▶ _Required work_
Each line of the listing below must be retyped exactly, with images left out.

=== Dataset extract ===

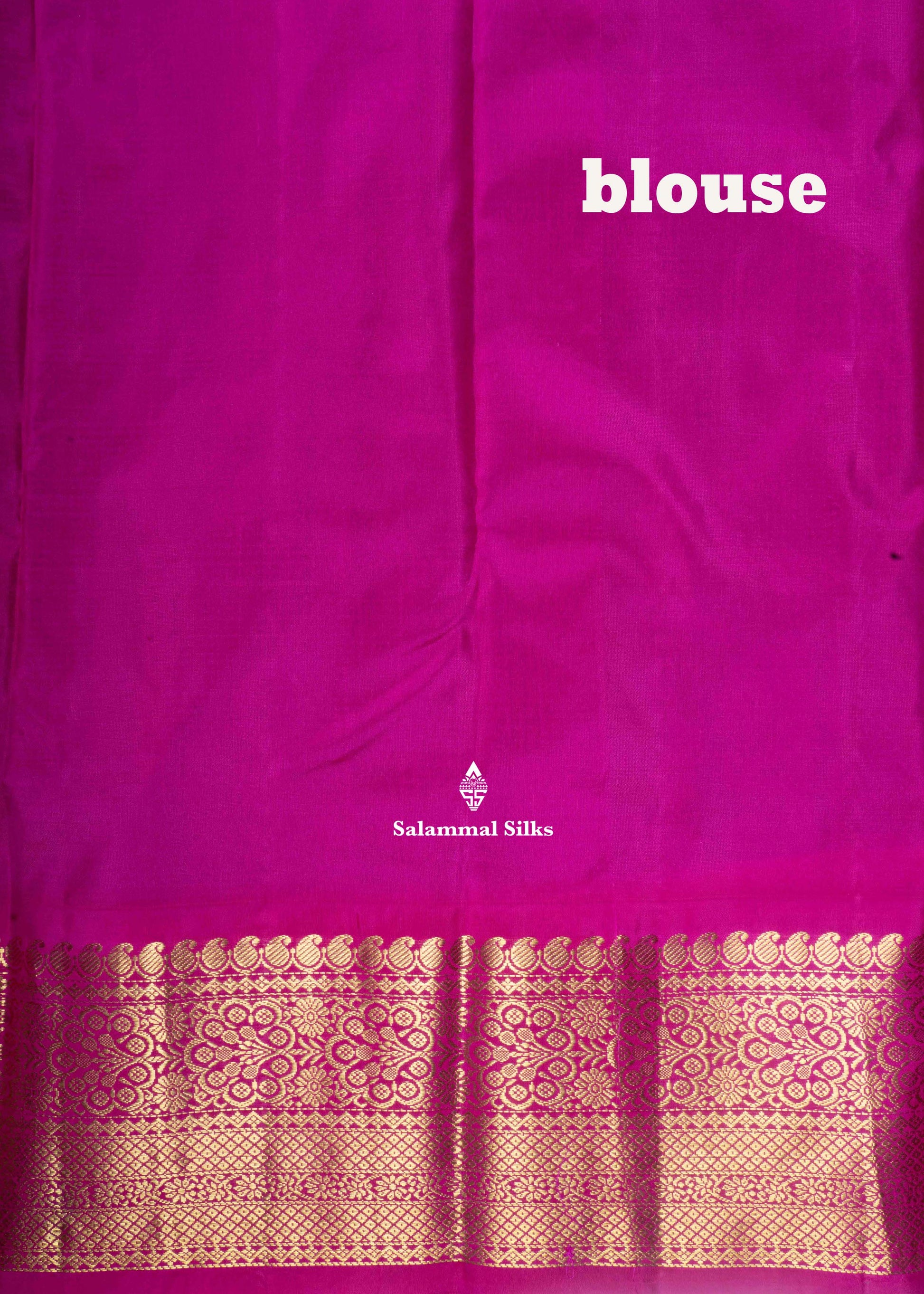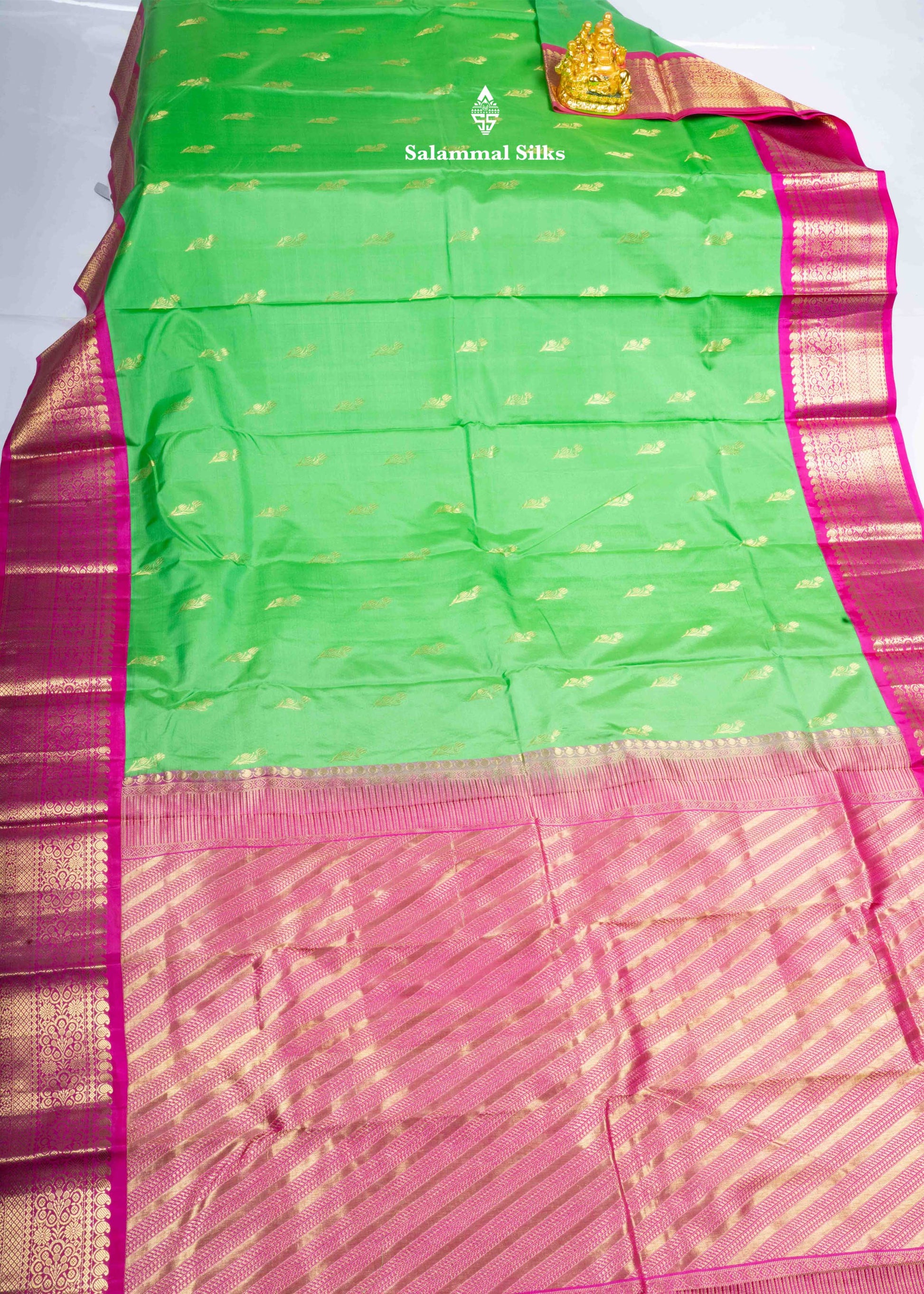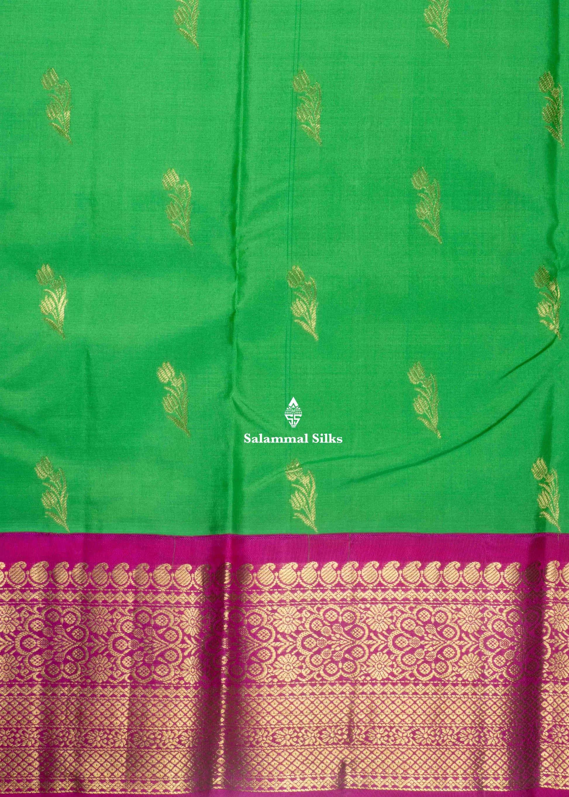 Kanjivaram Pure Silk Saree Parrot Green With Magenta Pink Blouse
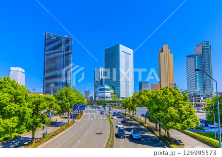 日本の東京都市景観 桜木町駅前のビル群や横浜市役所などを望む
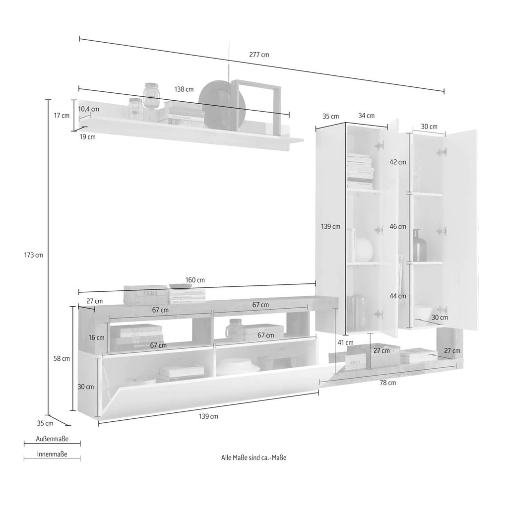 - Spazio sul pavimento e spazio per appendere TV L / H circa 160 x 90 cm
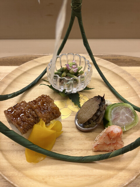 鱧寿司、サフラン生姜、鯛水玉胡瓜、花海老、胡麻酢和え、花穂山椒、鮑、蛸の子

===

▶ _Result of the exercise_
 Kanjivaram Pure Silk Saree Parrot Green With Magenta Pink Blouse
 日本の東京都市景観 桜木町駅前のビル群や横浜市役所などを望む
 - Spazio sul pavimento e spazio per appendere TV L / H circa 160 x 90 cm
 鱧寿司、サフラン生姜、鯛水玉胡瓜、花海老、胡麻酢和え、花穂山椒、鮑、蛸の子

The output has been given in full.